Lambda’s NVIDIA HGX 8xB200 on STAC-AI™ LANG6
What the numbers mean for financial services
Executive summary
Lambda is the first to publish an audited STAC-AI™ LANG6 result on NVIDIA HGX 8xB200, with independently verified performance data that Financial Services Industry (FSI) infrastructure teams can use to make a concrete infrastructure decision: whether NVIDIA HGX 8xB200 unlocks workloads, concurrency levels, or model sizes that your current generation GPU cannot support. For teams running LLM inference on NVIDIA H200 GPUs today, or evaluating whether to do so, these results answer the question directly.
-
Latency that doesn't break under load. At 165 req/s for the 8B model, the NVIDIA 8×H200 NVL reached a median latency of 15.5s, effectively saturating. NVIDIA HGX 8xB200 handled the same load at a median latency of 1.39s. For trading desks and research teams, this is the difference between a tool analysts actively use during market hours and one they abandon when the desk is busy. It means you can serve your entire team concurrently on a single node, at latencies that feel instant, without overprovisioning or load shedding.
- A 70B model, fully interactive, at production concurrency. At 20 req/s, NVIDIA HGX 8xB200 delivered 0.095s Time-To-First-Token (TTFT) and a 3.45s median latency, versus NVIDIA 8×H200 NVL’s 0.522s TTFT and 21.4s median latency at the same load. NVIDIA HGX 8xB200 can serve the model with 0.335s TTFT at 75 req/s, a load the NVIDIA 8×H200 NVL couldn’t sustain. For FSI teams that need reasoning-grade model quality for compliance review or client-facing output but have held back due to latency concerns.

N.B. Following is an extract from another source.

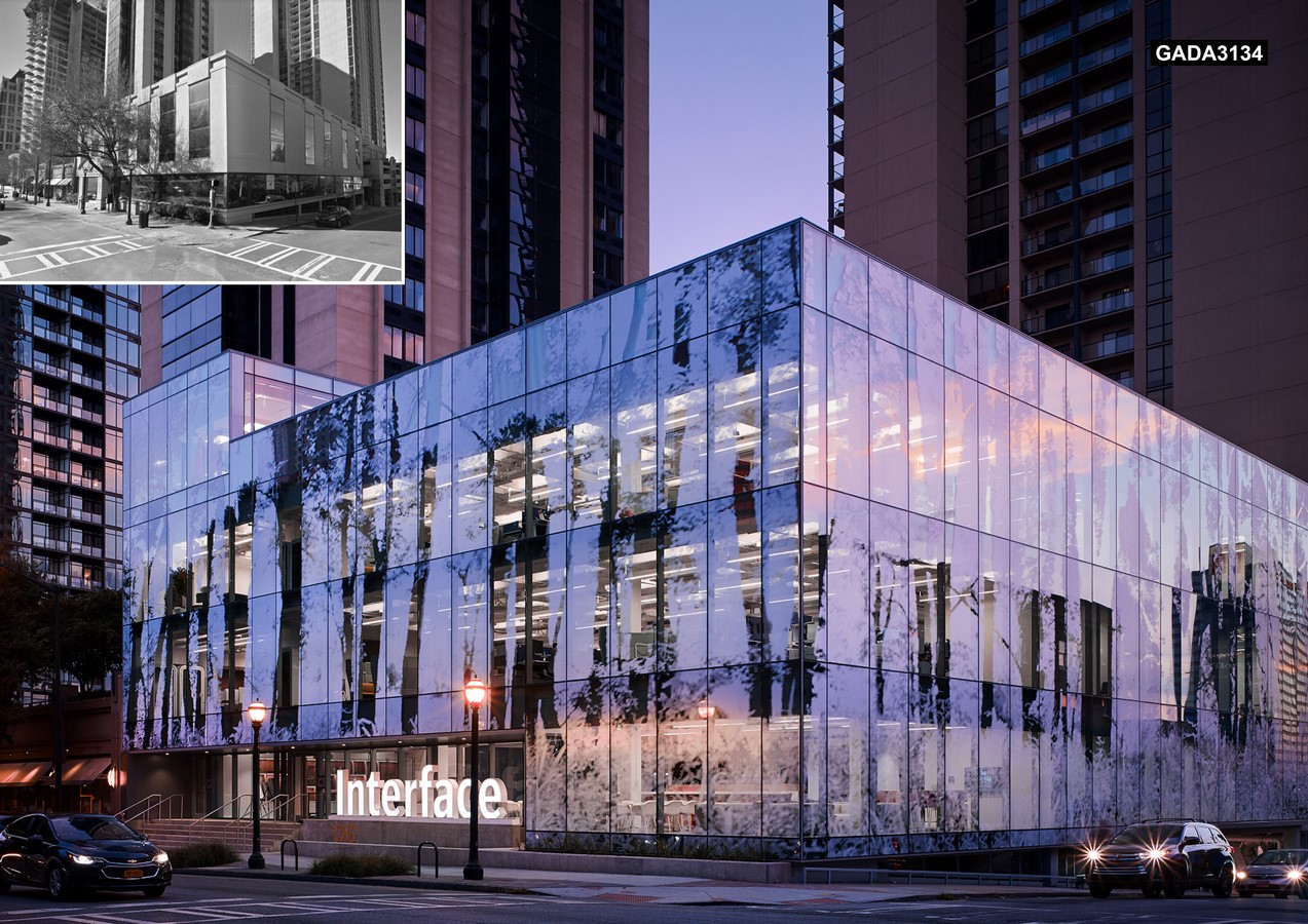 The most striking feature of Interface’s new headquarters is its skin: a high-performance curtainwall with a semi‐transparent polyester sheath, depicting a life‐size forest. The sheath’s square pixel pattern is reminiscent of Interface’s modular flooring systems and draws an unequivocal connection to the site’s natural history of eastern-US Piedmont Forest. Besides creating an iconic presence on its busy corner, the patterned wrap protects against glare and solar heat gain while throwing a soft, dappled pattern on the interior floors.
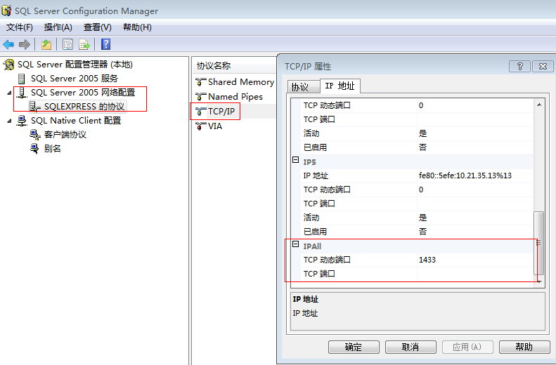 1)展开 SQL Server 2005/2008 网络配置节点-->展开协议节点--> 在协议右边启用 TCP/IP 协议 -->在协议右边的 TCP/IP 协议属性中 --> 在 IPAll 这一项-->将 TCP 端口设置为 1433,

A 70B model is now viable as an interactive, production tool, not just a batch-only workload.
-
Batch throughput that changes overnight economics. For the 8B model, NVIDIA HGX 8xB200 delivered 52,823 wps, more than double the NVIDIA 8×H200 NVL. For the 70B model, it delivered 12,040 wps, 3.59× the NVIDIA 8×H200 NVL. For the 70B model at Long-context, it delivers 350 wps versus 132 wps on NVIDIA 8×H200 NVL. For compliance and operations teams running overnight batch review, this means the same job window processes more documents, or the same document volume completes in a shorter window, without scaling infrastructure.
-
Long-context performance that improves under pressure, not degrades. On E5a long-context workloads, NVIDIA 8×H200 NVL hit 36.2s latency at 2.4 req/s, saturating on the kinds of dense regulatory documents compliance teams process daily. NVIDIA HGX 8xB200 held at 3.31s at the same load and extended to 5.6 req/s, while the NVIDIA 8×H200 NVL couldn’t follow. Batch throughput on long-context workloads improved by 133%, from 954 wps to 2,220 wps. For any team processing documents longer than a few thousand tokens, this result justifies the infrastructure decision.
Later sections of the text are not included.